Even the professionals got it wrong.
We all know examples: Long-Term Capital Management, a highly leveraged hedge fund set up by two Nobel-winning economists, failed; Lehman Brothers Holdings Inc. was leveraged to the point that a small downward movement in the property market wiped it out. As the political philosopher and author John Gray has written, much of the underlying free-market theory took hold in the 1990s, "when economists came to believe that complex mathematical formulae could tame uncertainty in the murky world of derivatives." Colleges were caught up in an environment in which the operative theory was that "self-interest plus competition equals nirvana," as John Cassidy wrote in How Markets Fail: The Logic of Economic Calamities (Farrar, Straus and Giroux, 2009).

But not everyone failed to see the handwriting on the wall. Several people were forced out of Lehman when they warned of the impending crisis. And Iris Mack, an investment analyst at Harvard, was fired after warning Lawrence H. Summers, Harvard's president at the time, of the risks of the university's strategy.


But perhaps there is an even more important sociological factor in this process, which might be referred to as
"the culture of complicity." A powerful group may entice others into its practices so that the latter can neither extricate themselves without loss of stature nor blame others for what they are doing.

As college boards have become dominated by business executives and investment bankers, and as college presidents are paid higher and higher salaries,
the air of complicity has come to resonate with the title of that popular 1960s book I'm OK, You're OK. An athletics coach with an atrocious record is quickly fired. Yet that has not been the case with administrators who make financial decisions.

At a time when accountability is the watchword of the American public, colleges' involvement in the culture of complicity helps explain their unwillingness to accept blame. It is just unfortunate that, along with their corporate culture-mates, they have so far escaped any such accountability.

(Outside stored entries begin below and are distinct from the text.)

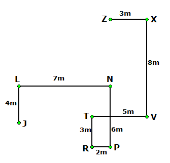 Point N is 7m to the east of point L, which is 4m to the north of point J. Point P is 6m to the south of point N. Point R is 2m to the west of point P. Point T is 5m to the west of point V and 3m to the north of point R. Point X is 8m to the north of point V. Point Z is 3m to the west of point X.
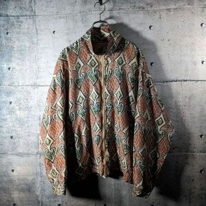 Statement vintage jacket with an eye-catching geometric + paisley-inspired print in earthy browns, greens, and cream. Lightly quilted with a soft blush satin lining, zip-front closure, and relaxed bomber-style fit. Perfect layered over a slip dress or styled casually with denim.
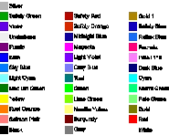 Cette série de nuanciers liste toutes les couleurs présentes dans la palette actuelle. |
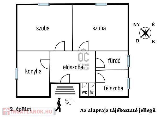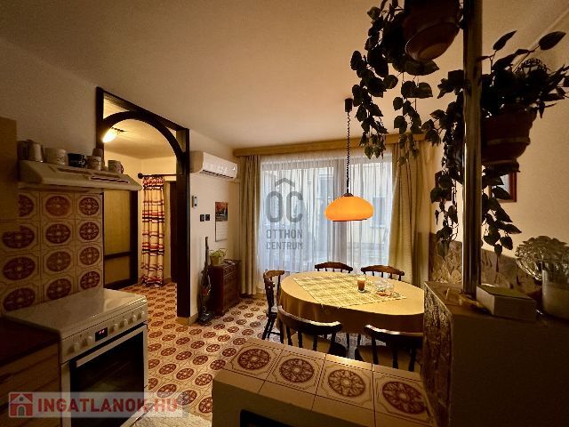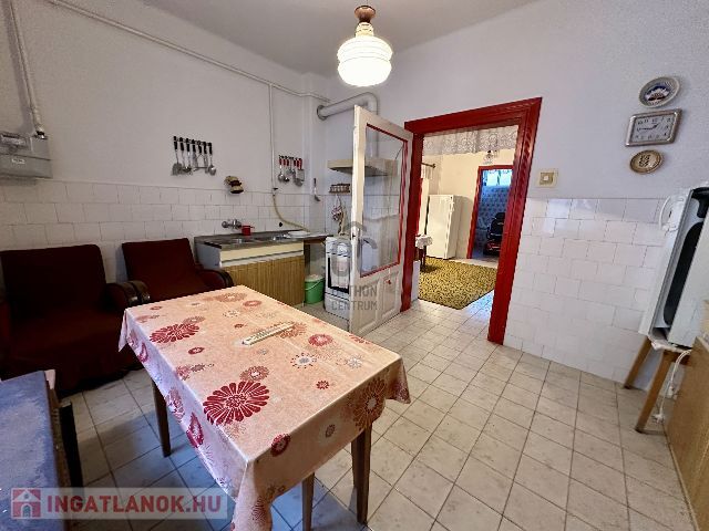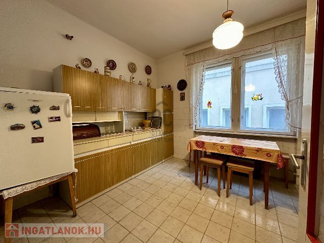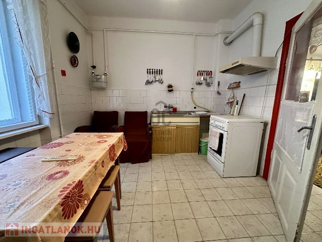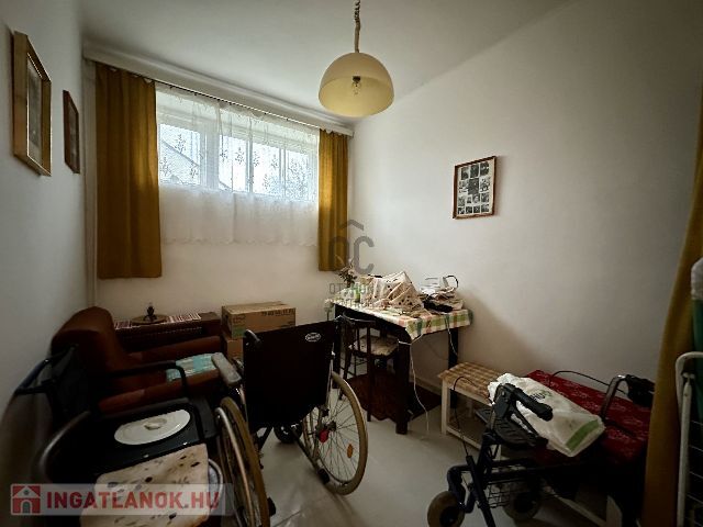 2. lakóegység: 1965-ös építésű, "Kádár-kocka" (70 nm). Helyiségei: előszoba, konyha, két szoba, félszoba, WC, fürdő és egy kis tároló. Fűtése gázkonvektorokon keresztül történik. A lakóegység igény szerinti felújítást igényel, szerkezetileg teljesen rendben van, korának megfelelő állapotú. Két utcafronti ablaka műanyag, a többi fa.

Justice Louis D. Brandeis once said that "a lawyer who has not studied economics and sociology is very apt to become a public enemy." It may also be true that
those who fail to take note of their college's involvement in the culture of complicity become equally complicit in its public misdeeds.

No one wants to return to an era when delegation and diversification are impermissible. And rules should not be constructed simply as a function of any one moment in the markets.
But one may fairly ask whether a given institution has, in fact, used the care, skill, and caution required by the prudent-investor rule in choosing its investment professionals, and whether trustees have ignored warnings about their agents' decisions.

Given the legal requirement that risks be appropriate to purpose, one may even ask whether college endowments, notwithstanding their long-term horizon, can ever bear a substantial portion of volatile investments. ... the prudent-investor rule may be interpreted to require a greater quest for information and greater oversight of those responsible for an institution's financial well-being.

Although remedies like trustee reimbursement or removal may be sought,
obtaining judicial clarification of an otherwise vague statute and achieving greater investment transparency for colleges may be the litigation goals most worth pursuing.

Like players and fans, however, those affected by decisions involving colleges' investments will know if the prudent-investor rule has been violated only when the call is made.

Perhaps, in the name of meaningful accountability, it is time that some of those who have borne the burden of their colleges' investment practices got the umpire back in the game.


Lawrence Rosen, a fellow at the Center for Advanced Study in the Behavioral Sciences, at Stanford University, is a professor of anthropology at Princeton University and an adjunct professor of law at Columbia Law School.